Combattere la stanchezza primaverile

lunedì, 11 febbraio 2019

Combattere la stanchezza primaverile

Sembra un paradosso. In primavera tutto torna alla vita, ma proprio durante questo periodo ci sentiamo terribilmente stanchi. L'affaticamento primaverile ci tiene completamente sotto controllo.

Cause

Il periodo di transizione tra l'inverno e la primavera fa sì che molte persone si adattino al clima che cambia. La temperatura interna del nostro corpo è più bassa in inverno che in estate.
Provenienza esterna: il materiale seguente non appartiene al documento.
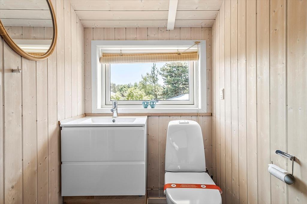 Sommerhuset, der er et moderne byggeri med lys træfacade og solceller på taget, har en glimrende planløsning til otte personer – så en ferie for to børnefamilier kan for eksempel sagtens komme på tale her. Som supplement til de tre soveværelser er der mulighed for at overnatte i stuens alkove, og hvis der er fuldt hus, er det rart, at der hører både et badeværelse og et gæstetoilet med til planløsningen. Et veludstyret køkken ligger i åben forbindelse med stuen, der ligger midt i huset som det oplagte sociale samlingspunkt. Her er der brændeovn, hvis du vil tænde op på eventuelle kølige dage, og rummets store, østvendte vinduesparti sørger for et skønt lysindfald og giver udsigt til havet.

Se la temperatuta si alza, il corpo ha bisogno di un certo tempo per adattarsi. Durante questo processo, i vasi sanguigni si dilatano, causando la caduta della pressione sanguigna. Il risultato: stanchezza e mancanza di concentrazione. Nel caso di temperature fortemente variabili, questo fenomeno può verificarsi anche più volte in successione.

Inoltre, la concentrazione di melatonina, (l'ormone del sonno), è molto alta dopo un lungo inverno mentre i depositi dell'ormone dell'attività sono vuoti.

Chi è particolarmente colpito?

Ci sono alcuni soggetti che sono più sensibili all'affaticamento primaverile, con una media di circa un terzo delle persone. Estremamente vulnerabili sono le persone con pressione sanguigna bassa, donne, adolescenti e persone sensibili al tempo metereologico.

Consigli per affrontare l'affaticamento primaverile

L'adattamento deve avvenire attraverso il nostro organismo, ma possiamo supportarlo con alcuni semplici comportamenti.

Sport

Lo sforzo fisico fa bene alla pressione sanguigna. In primavera bisognerebbe sfruttare ogni opportunità di movimento. Invece di prendere il tram potremmo camminare o andare in bicicletta.

Mangiare in maniera corretta

Una dieta sana, ricca di vitamine, di frutta e di verdura fornisce al nostro cervello sostanze nutritive ottimali; questo è l'unico modo in cui può funzionare correttamente. Ananas, mele, banane e uva contengono tracce di serotonina. Anche questo aiuta.

Docce fredde

Anche se l'acqua fredda è odiata in modo assoluto, dovremmo fare la doccia passando dall'acqua fredda a quella calda e poi ancora dalla calda alla fredda, finendo sempre con l'acqua fredda. Questo porterà ad una circolazione e ad un apporto ormonale migliori.

Fatevi avvolgere dalla luce

Usciamo dalle quattro mura. Se in primavera trascorriamo più tempo possibile all'aperto, la produzione di serotonina aumenterà. Il risultato: ci sentiremo più vigili e migliori. Più luce solare abbiamo meglio è, perché anche la concentrazione di melatonina diminuirà.

Aria fresca

Fornire ossigeno all'organismo il più spesso possibile. Stare all'aria aperta fa bene al cervello ed elimina la fatica.

Pisolino

Se c'è la possibilità, facciamo un pisolino dopo il pranzo. Questo darà nuova forza. Importante: il riposino non deve durare più di 30 minuti, altrimenti il corpo produrrà nuovamente melatonina e dopo ci si sentirà ancora più stanchi!